Use of HINTS exam in emergency department is of limited value

Society for Academic Emergency Medicine

The diagnostic value of the Head-Impulse, Nystagmus, Test of Skew (HINTS) exam in the emergency department setting is limited. This is the result of a study titled Diagnostic Accuracy of the HINTS Exam in an Emergency Department: A Retrospective Chart Review, which will be published in the April issue of the Academic Emergency Medicine (AEM) journal, a peer-reviewed journal of the Society for Academic Emergency Medicine (SAEM).

The lead author of the study is Cait Dmitriew, PhD, from the department of undergraduate medicine at the Northern Ontario School of Medicine, Sudbury, Ontario, Canada.

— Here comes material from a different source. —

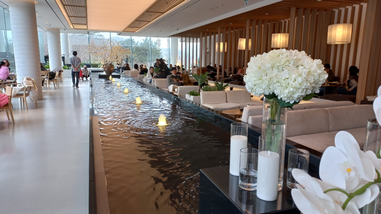 야산을 바라볼수 있는 통창쪽 좌석, 그랜드 피아노 앞 공연장 같은 좌석, 등들 대고 발을 뻗을 수 있는 좌석이 마련되어 있다.

The HINTS exam is a series of bedside ocular motor tests designed to distinguish between central and peripheral causes of dizziness in patients with continuous dizziness, nystagmus, and gait unsteadiness. The study found that HINTS exam use was high, but frequently used in patients who did not meet criteria to receive it. Most often this was because patients lacked documentation of nystagmus or described their symptoms as intermittent. In addition, many patients received both HINTS and Dix-Hallpike exams, which are intended for use in mutually exclusive patient populations. In no case was dizziness due to a central cause identified using the HINTS exam.

The results suggest that the test is of limited utility as currently used by emergency department physicians and that further training in how to identify appropriate candidates and interpret the results of the ocular motor exam may improve its diagnostic accuracy. The authors advise that additional training of emergency physicians may be required to improve test sensitivity and specificity.